- Zakiabad
- Coordinates: 35°50′08″N 50°40′37″E﻿ / ﻿35.83556°N 50.67694°E
- Country: Iran
- Province: Alborz
- County: Chaharbagh
- District: Ramjin
- Rural District: Aghlan Tappeh

Population (2016)
- • Total: 1,306
- Time zone: UTC+3:30 (IRST)

= Zakiabad, Alborz =

Village in Alborz province, Iran

Zakiabad (زكي اباد) (Note: Also romanized as Zakīābād, Zakkiābād, and Zekīābād) is a village in Aghlan Tappeh Rural District of Ramjin District in Chaharbagh County, Alborz province, Iran.

==Demographics==
===Population===
At the time of the 2006 National Census, the village's population was 1,051 in 286 households, when it was in Ramjin Rural District of Chaharbagh District (Note: Renamed the Central District of Chaharbagh County) in Savojbolagh County, Tehran province.
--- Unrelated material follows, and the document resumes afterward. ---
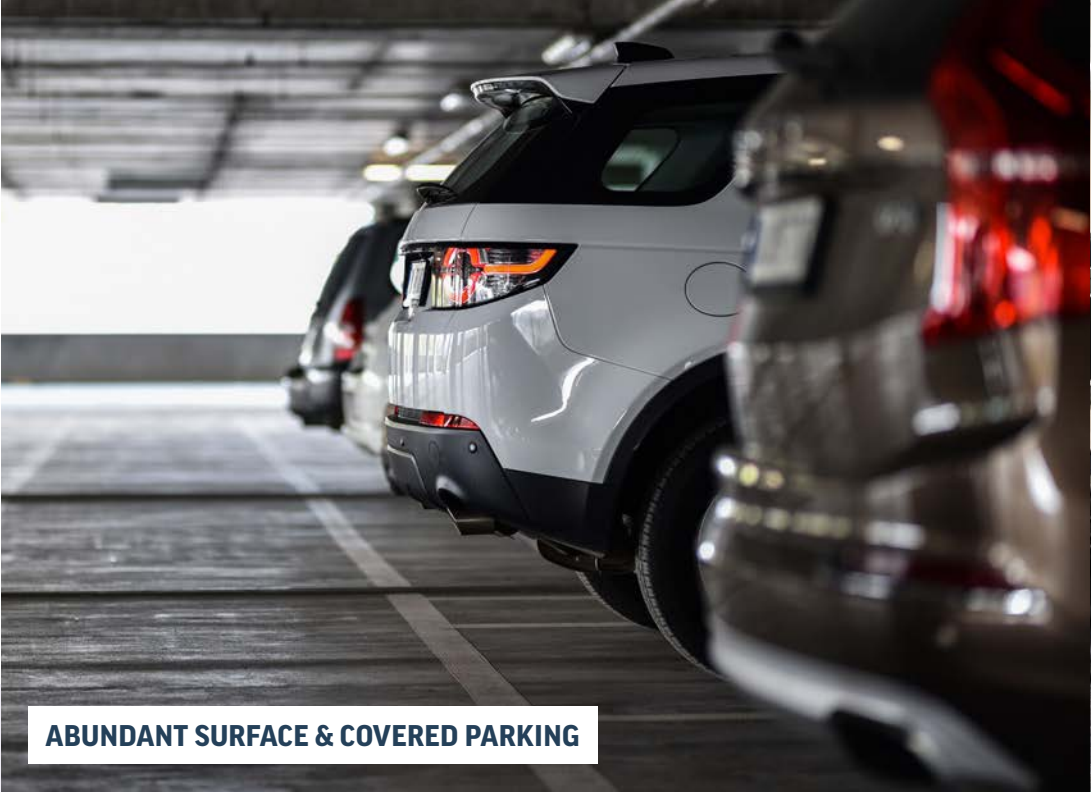
ABUNDANT SURFACE & COVERED PARKING

The 2016 census measured the population of the village as 1,306 in 458 households, by which time the county had been separated from the province in the establishment of Alborz province.

In 2020, the district was separated from the county in establishing Chaharbagh County and renamed the Central District. The rural district was transferred to the new Ramjin District, and Zakiabad was transferred to Aghlan Tappeh Rural District created in the district.